Ardından Robert Milligan'ın Londra'daki heykeli söküldü. Sonra 1865’le 1909 arasında Belçika’yı ve sömürgesi Kongo’yu yöneten Kral 2. Leopold’un Anvers’da bulundan heykeli ırkçılık karşıtı eylemlerin ardından söküldü. Aslında dünya heykellerinden kurtulmaya çok daha önce başladı. Lenin, Stalin, Hitler, Franco, Pinochet, Churchill, Gandi, Saddam, Mübarek, Kaddafi, Rabin, Pehlevi, Esad, Şaron, gibi kişilerin heykellerinin yıkılması, dünyada heykeli ‘dikilecek’ olanların, tarih içerisinde heykeli ‘yıkılacak’ olana doğru nasıl evrildiğinin kısa bir özeti.
Heykeller Yıkılmak İçin Dikilir
Değişmez kâiderdir, heykeller yıkılmak için dikilir. Kendi heykelini diktirenler ya da belirli bir ideolojinin mutlaklığını zihinlere simgesini bir baskı kurarak yerleştirmek için heykel dikenler de bunun farkındadır ama tıpkı kapitalizmin gücünü ispat etmesi için nasıl devasa yapılara ihtiyacı varsa, gönüllere yerleşememiş şahsiyetlerin de zihinlere yerleşebilmek için devasa heykellere ihtiyacı vardır.
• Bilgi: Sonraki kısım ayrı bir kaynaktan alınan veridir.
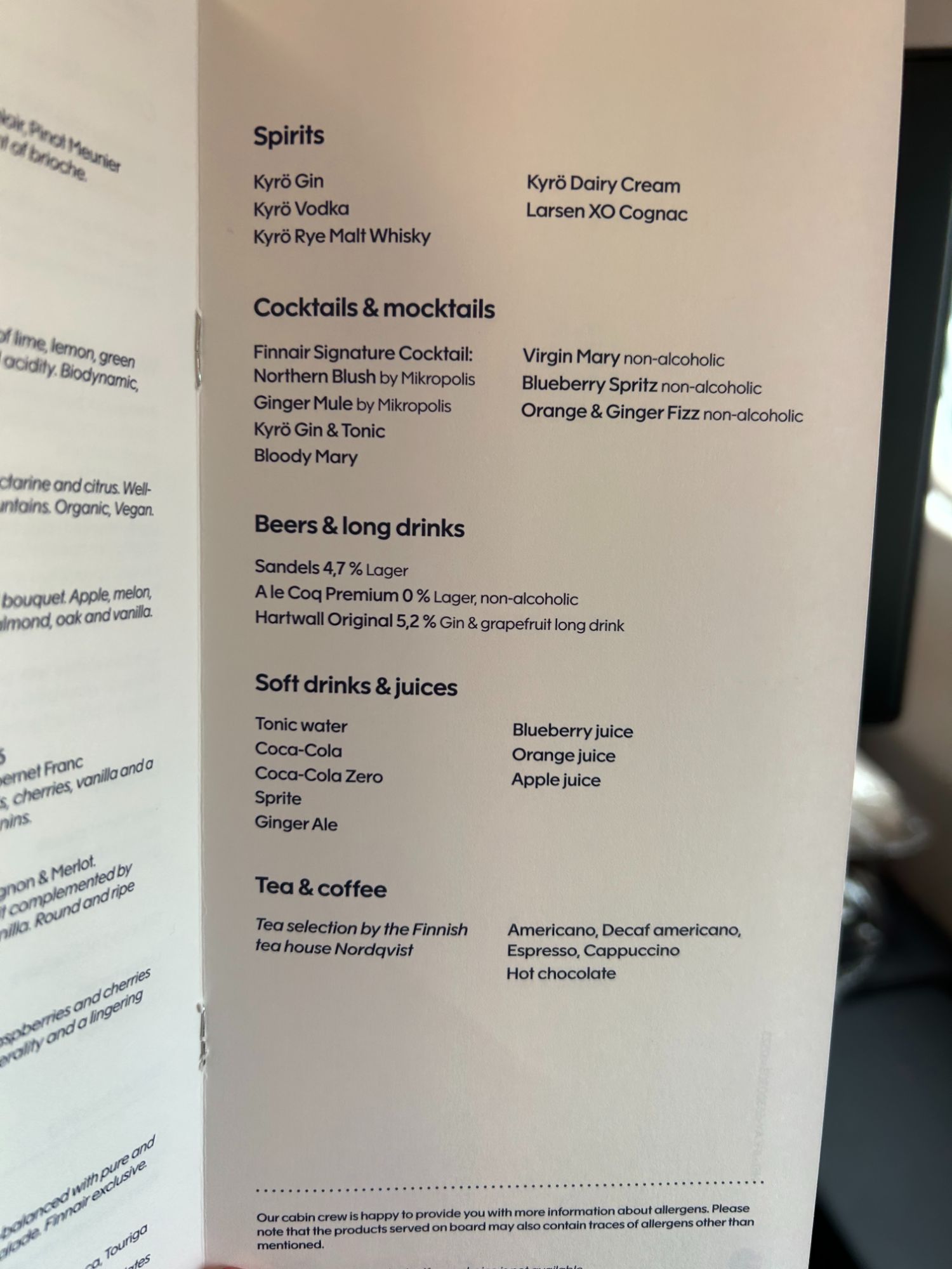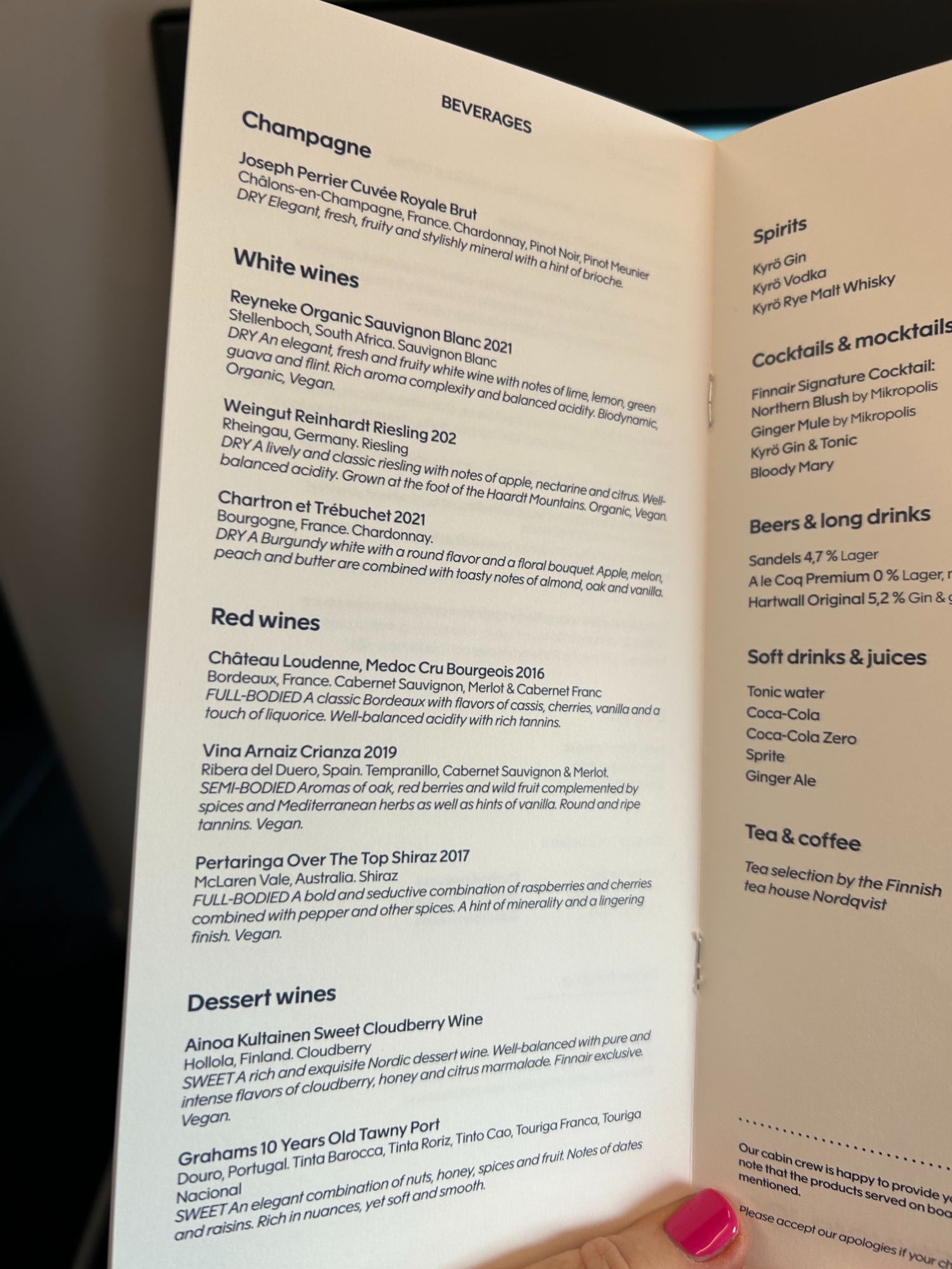 The seat had loads of legroom, although I do find Finnair short-haul A321/320 one of the harder seats for a longer flight. I did not drink alcohol on the flight, so stuck to water and my favourite blueberry juice, along with a coke zero. You get the lovely Iitala glasses on short haul. They no longer serve champagne on short haul but instead, a sparkling wine which was actually better than some of the bad “champagne” on other airlines.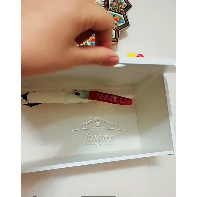 لطفا قبل از خرید به ابعاد موجود در عکس های محصول توجه شود _ ابعاد داخلی 38 در 22 سانتی متر با عمق 13 سانتی متر _ ابعاد خارجی 40 در 25 سانتی متر با عمق 15 سانتی متر _ این محصول فقط با برند خونه خاص عرضه می شود _ مونتاژ قطعات با خریدار محترم _ رنگ سفید جنس pvc قابل شستشو و سایر رنگها (نسکافه ای، قهوه ای و ...) جنس چوب mdf غیر قابل شستشو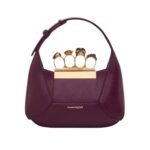 Introducing the Alexander McQueen Womens the jewelled Hobo mini bag in burgundy, crafted from smooth welsh red calfskin leather with an antique silver-finished handle adorned with crystal-encrusted rings. Inspired by the faceted stone on the Knuckle, its unique silhouette features leather panels that are intricately cut and re-assembled.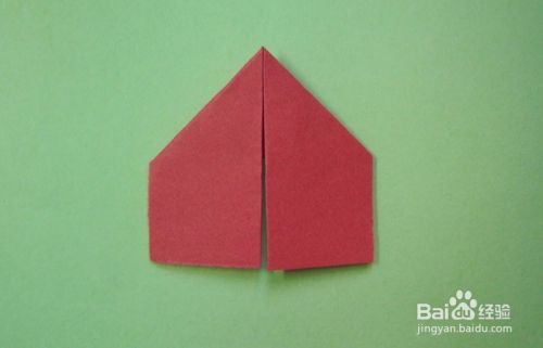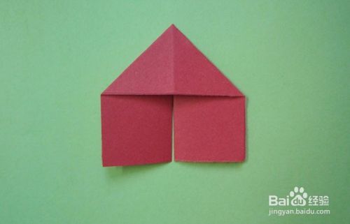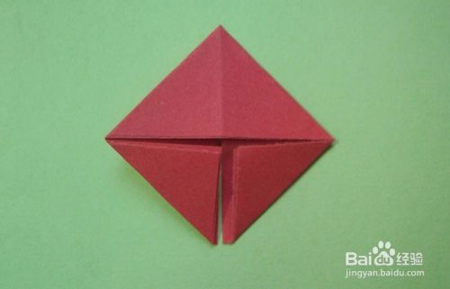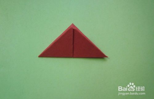 然后,把折好的红色彩纸左边和右边各向中线对折为,三角形,如下图所示。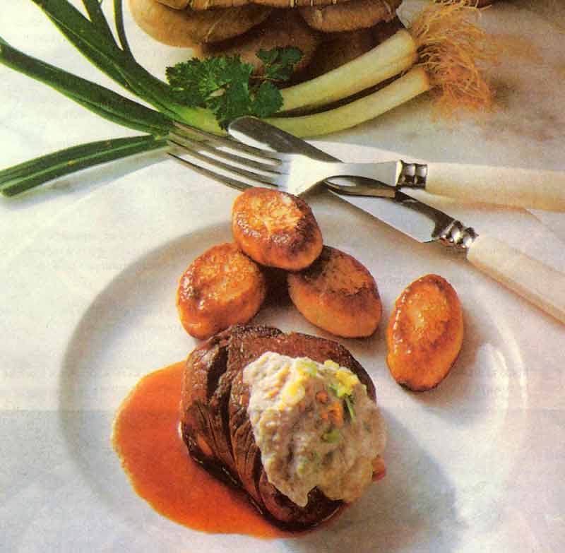 1. Лук очистить и мелко нарезать. Смешать с 2 ст. л. топленого масла, белым вином, пряными травами, солью и перцем. Добавить очищенный и измельченный чеснок.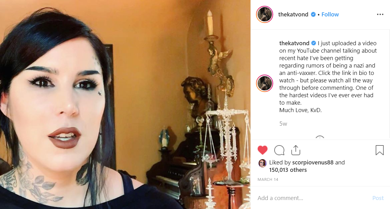 Kat Von D Addresses Nazi + Anti-Vaxx Scandal In An 11 Min Youtube Video
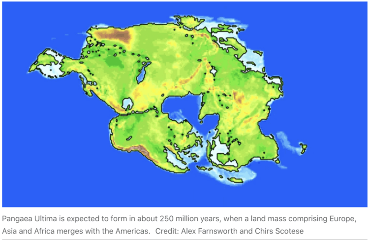 Результаты исследования, опубликованного в конце сентября в журнале Nature Communications, предсказывают массовое вымирание млекопитающих из-за экстремальной жары и образования суперконтинента Пангеи Ультима (Pangaea Ultima) через 250 миллионов лет.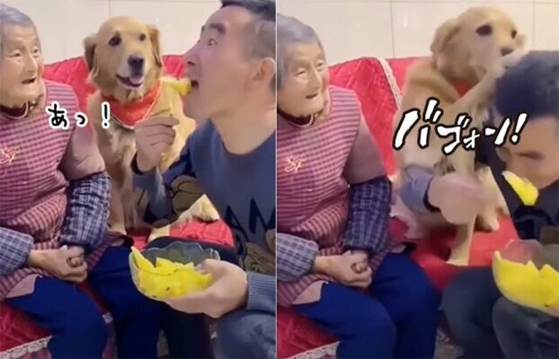 男性はフルーツを一切れ串に刺し、ゴールデンに差し出す。するとゴールデンはおばあさんの腕を軽く抑える。どうやら、「自分より先におばあさんに食べさせてあげて」の合図だったようだ。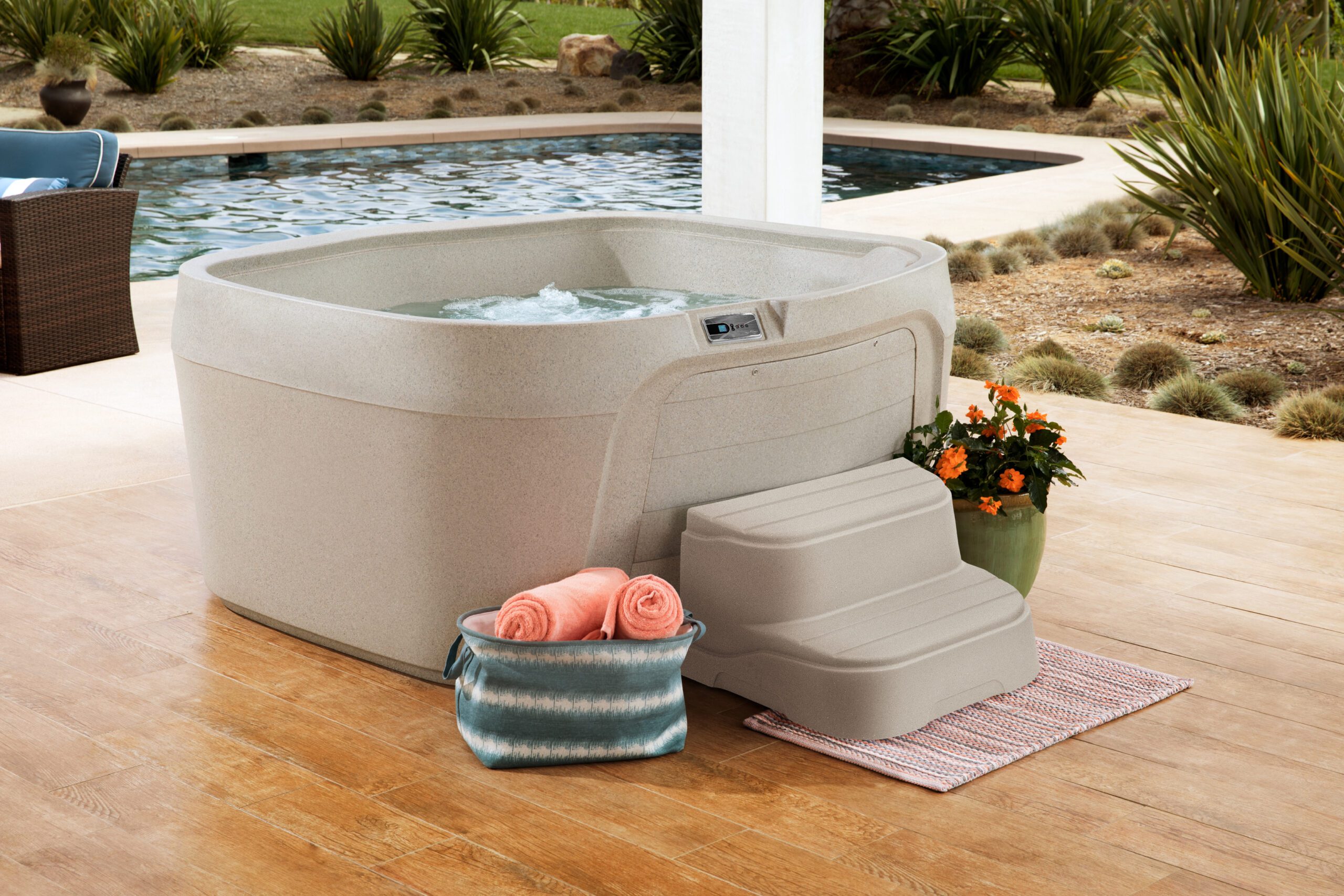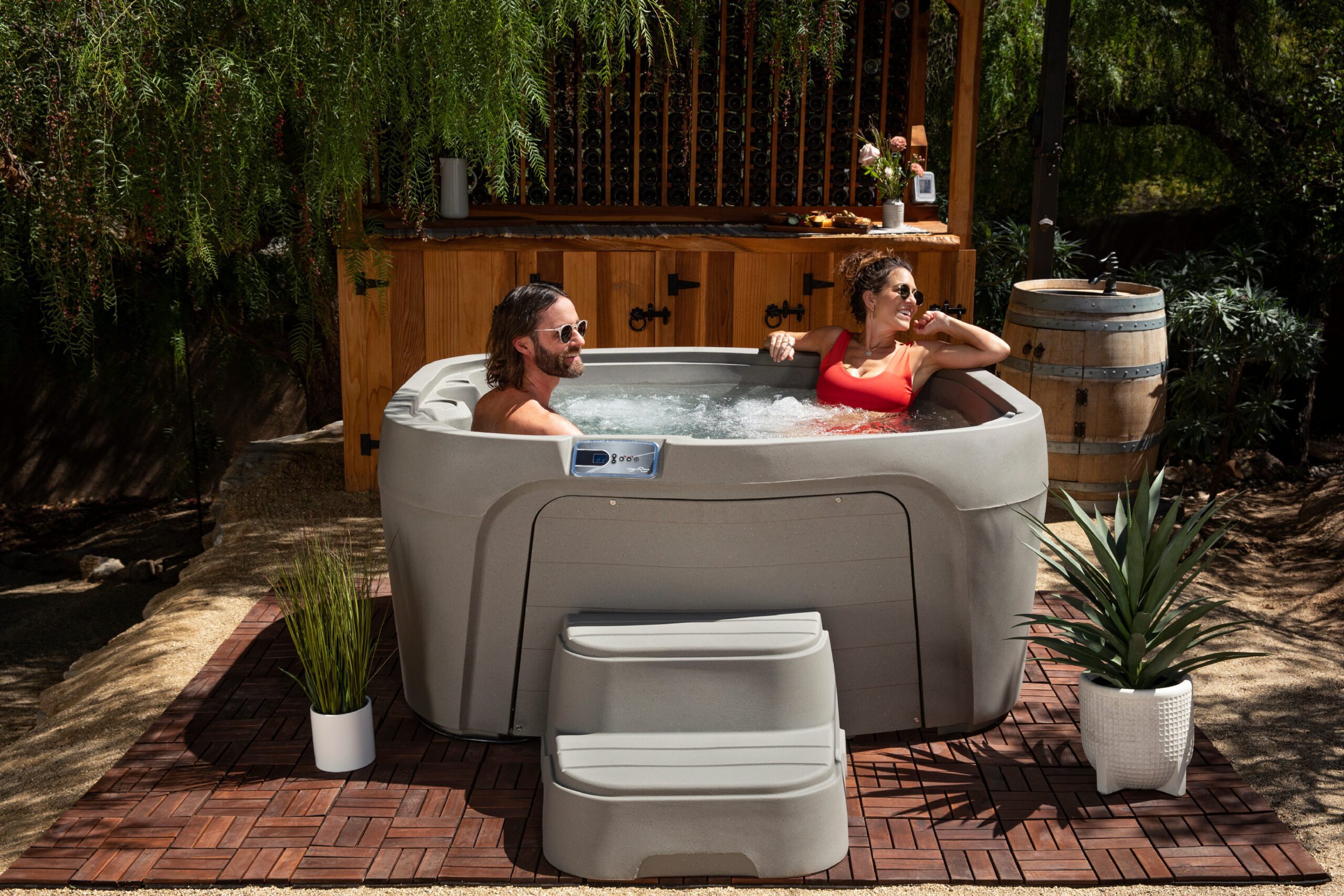 Los spas Freeflow® están diseñados en una sola pieza rotomoldeada, lo que los hace extremadamente duraderos y fáciles de instalar en casi cualquier espacio: patios, balcones, terrazas o jardines.

Roma pagan inancı haline getirilmiş Hıristiyanlığın yaşandığı coğrafyalarda heykeller yıkılırken, Müslüman coğrafyada heykellerin yükseliyor olması ne yazık ki hazin bir durum.
Müslüman dünyanın hâmiliğini üstlenen Osmanlı’nın ardından kurulan ülkenin, Müslüman dünyaya bu defa da heykel konusunda hâmilik yaptığına üzülerek şahit olduk. Kaddafi, Mübarek, Saddam, Pehlevi, Esad’ın heykellerinin yıkılmasının ardından son örneklerden biri, yaşarken kendisini (burası bize biraz tanıdık gelebilir) bütün Türkmenlerin başı olarak ilan eden ve yaptıklarıyla son derece gülünç bir lider profili çizen, Saparmurat Niyazov’un 75 metre yüksekliğindeki altın heykelinin yıkılması hadisesiydi. Eee ne demiştik “heykeller yıkılmaya yazgılı dikilir.”
- Heykeller yıkıladursun ülkemizde heykelci zihniyete taş çıkartan yeni bir zihniyet türemekte. Arif Nihat Asya’nın şiirinde dediği gibi “bize bir nazar oldu, cumamız pazar oldu / ne olduysa hep bize azar azar oldu” kavilinden heykelcilik hastalığı bize de bulaştı. Sözde ‘millî ve manevî hassasiyetlerle’ dikilen heykellerden ve bunları dikenlerden söz ediyorum. Özellikle yerel yönetimlerin yaptırdıkları bu heykeller yapanı da yaptıranı da gülünç duruma düşmekten kurtaramıyor. Bunun son örneği Ordu Büyükşehir Belediyesi’nin, 15 Temmuz Demokrasi Meydanı'na yaptırdığı Ertuğrul Gazi büstünün 'Diriliş Ertuğrul' dizisinin başrol oyuncusuna benzerliği oldu.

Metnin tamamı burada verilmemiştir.